→ Data listing
------------------------------------
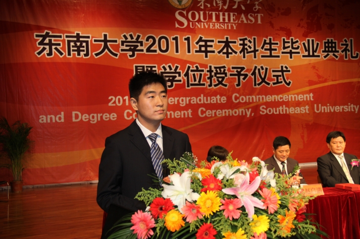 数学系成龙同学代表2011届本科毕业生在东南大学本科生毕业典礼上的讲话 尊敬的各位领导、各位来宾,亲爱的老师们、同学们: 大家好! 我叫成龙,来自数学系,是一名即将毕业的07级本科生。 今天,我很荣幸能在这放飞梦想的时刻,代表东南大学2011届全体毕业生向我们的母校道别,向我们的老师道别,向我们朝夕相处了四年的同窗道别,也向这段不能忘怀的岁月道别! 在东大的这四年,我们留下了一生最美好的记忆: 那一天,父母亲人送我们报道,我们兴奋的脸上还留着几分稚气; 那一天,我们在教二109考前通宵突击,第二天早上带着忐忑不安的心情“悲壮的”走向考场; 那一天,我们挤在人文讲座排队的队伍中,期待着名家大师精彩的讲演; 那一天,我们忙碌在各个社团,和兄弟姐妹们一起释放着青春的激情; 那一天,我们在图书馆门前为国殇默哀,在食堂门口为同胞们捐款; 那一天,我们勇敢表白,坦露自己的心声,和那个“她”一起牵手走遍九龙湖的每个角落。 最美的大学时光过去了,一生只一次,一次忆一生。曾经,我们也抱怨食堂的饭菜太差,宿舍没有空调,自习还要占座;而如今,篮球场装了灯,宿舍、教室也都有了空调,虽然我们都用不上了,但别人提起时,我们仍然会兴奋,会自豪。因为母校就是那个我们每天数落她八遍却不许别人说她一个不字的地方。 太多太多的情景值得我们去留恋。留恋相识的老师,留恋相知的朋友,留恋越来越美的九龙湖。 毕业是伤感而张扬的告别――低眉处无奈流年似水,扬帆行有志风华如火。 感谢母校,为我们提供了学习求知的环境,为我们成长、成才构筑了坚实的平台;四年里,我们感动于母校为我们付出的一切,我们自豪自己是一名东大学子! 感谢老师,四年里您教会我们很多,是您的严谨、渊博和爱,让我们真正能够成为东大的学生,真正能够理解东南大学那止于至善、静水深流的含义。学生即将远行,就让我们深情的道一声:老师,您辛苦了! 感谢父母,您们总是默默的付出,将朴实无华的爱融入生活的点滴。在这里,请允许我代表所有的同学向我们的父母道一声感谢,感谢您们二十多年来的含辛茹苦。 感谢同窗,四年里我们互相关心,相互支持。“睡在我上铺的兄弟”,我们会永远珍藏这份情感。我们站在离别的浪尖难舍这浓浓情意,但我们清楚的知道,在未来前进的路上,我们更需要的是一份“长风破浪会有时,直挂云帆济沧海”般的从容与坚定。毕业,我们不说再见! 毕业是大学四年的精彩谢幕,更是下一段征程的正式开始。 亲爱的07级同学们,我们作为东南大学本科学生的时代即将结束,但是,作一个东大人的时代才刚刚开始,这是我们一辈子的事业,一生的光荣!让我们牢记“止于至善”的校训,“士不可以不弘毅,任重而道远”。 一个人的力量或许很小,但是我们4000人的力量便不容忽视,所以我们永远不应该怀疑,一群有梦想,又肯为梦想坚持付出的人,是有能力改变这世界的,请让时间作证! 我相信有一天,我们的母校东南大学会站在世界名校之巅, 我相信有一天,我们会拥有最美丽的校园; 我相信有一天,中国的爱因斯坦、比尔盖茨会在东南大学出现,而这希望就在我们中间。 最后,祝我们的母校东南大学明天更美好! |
------------------------------------
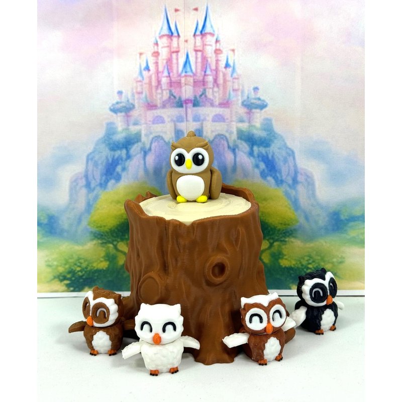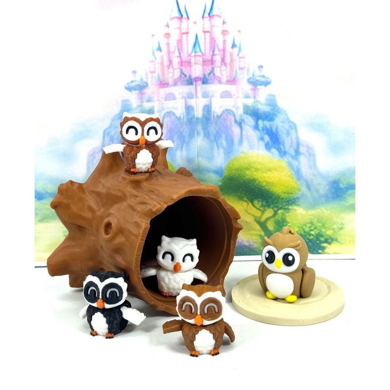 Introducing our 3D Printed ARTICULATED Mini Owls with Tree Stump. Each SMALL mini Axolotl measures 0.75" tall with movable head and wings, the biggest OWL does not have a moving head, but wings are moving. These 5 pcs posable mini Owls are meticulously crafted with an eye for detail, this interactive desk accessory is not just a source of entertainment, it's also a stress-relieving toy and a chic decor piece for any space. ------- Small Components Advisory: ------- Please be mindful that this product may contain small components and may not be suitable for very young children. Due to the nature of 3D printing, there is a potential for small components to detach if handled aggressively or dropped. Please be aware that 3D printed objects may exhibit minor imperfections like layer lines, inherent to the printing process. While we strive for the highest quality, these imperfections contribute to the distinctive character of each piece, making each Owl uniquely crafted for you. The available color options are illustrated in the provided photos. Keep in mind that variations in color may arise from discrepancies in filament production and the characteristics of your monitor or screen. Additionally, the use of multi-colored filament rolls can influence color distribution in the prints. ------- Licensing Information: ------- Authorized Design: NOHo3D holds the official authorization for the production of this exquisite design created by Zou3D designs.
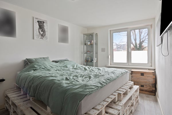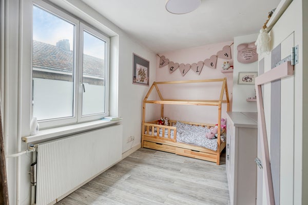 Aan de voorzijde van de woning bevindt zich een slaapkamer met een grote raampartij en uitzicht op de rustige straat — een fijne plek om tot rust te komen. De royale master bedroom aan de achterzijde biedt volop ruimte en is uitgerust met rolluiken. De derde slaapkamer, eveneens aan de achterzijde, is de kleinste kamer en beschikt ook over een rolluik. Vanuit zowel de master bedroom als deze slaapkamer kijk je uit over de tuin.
------------------------------------
→ How to complete this task
Up in the listing, locate the line with "Introducing our 3D"; print it and every line after it down to the line with "Aan de voorzijde", which is included too. Skip the pictures.

→ Answer to this task
 Introducing our 3D Printed ARTICULATED Mini Owls with Tree Stump. Each SMALL mini Axolotl measures 0.75" tall with movable head and wings, the biggest OWL does not have a moving head, but wings are moving. These 5 pcs posable mini Owls are meticulously crafted with an eye for detail, this interactive desk accessory is not just a source of entertainment, it's also a stress-relieving toy and a chic decor piece for any space. ------- Small Components Advisory: ------- Please be mindful that this product may contain small components and may not be suitable for very young children. Due to the nature of 3D printing, there is a potential for small components to detach if handled aggressively or dropped. Please be aware that 3D printed objects may exhibit minor imperfections like layer lines, inherent to the printing process. While we strive for the highest quality, these imperfections contribute to the distinctive character of each piece, making each Owl uniquely crafted for you. The available color options are illustrated in the provided photos. Keep in mind that variations in color may arise from discrepancies in filament production and the characteristics of your monitor or screen. Additionally, the use of multi-colored filament rolls can influence color distribution in the prints. ------- Licensing Information: ------- Authorized Design: NOHo3D holds the official authorization for the production of this exquisite design created by Zou3D designs.
 Aan de voorzijde van de woning bevindt zich een slaapkamer met een grote raampartij en uitzicht op de rustige straat — een fijne plek om tot rust te komen. De royale master bedroom aan de achterzijde biedt volop ruimte en is uitgerust met rolluiken. De derde slaapkamer, eveneens aan de achterzijde, is de kleinste kamer en beschikt ook over een rolluik. Vanuit zowel de master bedroom als deze slaapkamer kijk je uit over de tuin.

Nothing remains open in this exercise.